Lab Report #4: GIS & Geospatial Visualization
For this lab experimentation with mapping, I decided to try making small multiples of quilt patterns using Tableau. My goal is to use this software to create these individual pattern maps, and then incorporate them into the infographic that will be part of my final project.
Tableau Public program, Paint, shape files for 1850 U.S. geography, Carto DB, Quilt Index dataset
1. I located shape files for the United States at different points in history at https://www.nhgis.org/. I loaded up CartoDB to use these in my visualization, but when I tried to upload them I was told that the file was too large, so I used Tableau.
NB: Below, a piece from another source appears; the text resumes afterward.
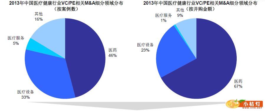 健康产业是当下的一个朝阳产业,已同TMT已成为PE/VC投资最为活跃的两个领域。根据清科研究中心统计数据显示,2013年VC/PE共投资了210家医疗健康企业,为2008年以来最高。投资金额总计19.9亿美元,仅低于“全民PE”火热的2011年。2013年医药投资涉及企业大概80多家,医疗设备50多家,医疗服务是29家,其他有12家。其中,医疗服务的投资是呈现快速增长,2013年已经有29家医疗服务企业获得融资。

2. After uploading my dataset to Tableau, I had to manually change the locations to states so that the program would plot the points. There were some records which had no state, so I deleted them from the working file in class, and reduced my dataset from 175 items to 94.
3. The first map I created had all of the patterns in one visualization, with colors showing pattern and sizes showing the number of quilts. The visualization uses 19 different colors.
4. I moved on to creating small multiples, using the pattern and location fields, but for some reason the dates were not being parsed correctly after I redefined the type of data in the cell. I wanted to attempt to use shades of a color in order to show the dates.
5. Finally I changed the date field back to a ‘Dimension’ and was able to achieve a gradient.
6. At home I went back to the original data set, which includes links to the item records, and found a specific location and date for each quilt. This gave me a dataset with 171 records. If the location for where a quilt was made was not clear in the full item record (in the ‘location’, ‘provenance’, ‘quilt history’, or ‘quiltmaker address’ fields), then I entered a location based on the field with the address of the owner (usually a relative/descendant of the quiltmaker) who brought the quilt in for documentation or donation. There were ~dozen instances where I entered the location of the contributor (to the Quilt Index) or the quilt collection.
7. I uploaded the file into Tableau, and created a map visualization using the pattern field, which once again gave me horizontal maps. I used the pattern field again to create columns, which gave me a grid with square maps. The ones that I need traveled in a diagonal from the top left of the visualization to the bottom right:
8. Using Paint, I cropped screen shots of each pattern map for small multiples.
I pasted these in to this document without distorted the size from which they are cropped, as well as the legend, so the sizes on the legend should be appropriate to the sizes of the small multiples. Overall I am pleased with the way that they turned out. Some of the maps are dense, and in order to fit them in the same size square you lose readability (Log Cabin, Sunflower, Tulip, Reel), but I think that can be sacrificed for the overall effect. It was also too bad that I couldn’t use the original shape files from 1850 that I found, with CartoDB, but ultimately since I am using small multiples, the shapes are tiny and it probably doesn’t matter.
Another issue I left alone is the problems I am having with the date field. I am going to have to enter a day and month for all of the items, and also comb through the records removing inappropriate records. In this lab report visualization, even though I selected 1800-49 as my period in the advanced search, the results returned include quilts that are dated after 1850. There are two different ways to search dates for quilts, and not all quilts have metadata in the period field. Searching a specific date range will probably give me a completely different dataset. I stuck with this one only because of the amount of time that has been invested in cleaning it so it works with different visualization tools. I can see that it is really important to prepare for anything as far as collecting metadata and creating a dataset, there are visualization tools yet to be developed that you will want to use with it in the future.
I chose shades of blue for my markers because in the final visualization that I do for my project I will find ways to highlight significant details using green and red. Otherwise the background colors for the visualization will be sepia tones and grey scale. The most important thing I will have to revisit for my project is my dataset, so I will be spending some time with Google Refine this month cleaning and finalizing the data that will inform the geospatial and time-series analysis the best. There are also alternate names for some of the quilt patterns that I discovered while doing research on their origins in Barbara Brackman’s Encyclopedia of Quilt Patterns. I need to search those pattern names in the Quilt Index, and chose what range of years I want to represent. Getting the dates right will be essential for being able to do any serious analysis using the visualization!
Update April 19, 2013: I decided to select a few of the earliest examples for each pattern. Because certain patterns occurred so infrequently, like the cotton leaf, this gave me a dataset that ranged between 1-10 items for each pattern – with no data after 1940. The three fields I used are pattern, year, and location (state). I was able to save my visualization to the web with Tableau, and embed the maps into this webpage.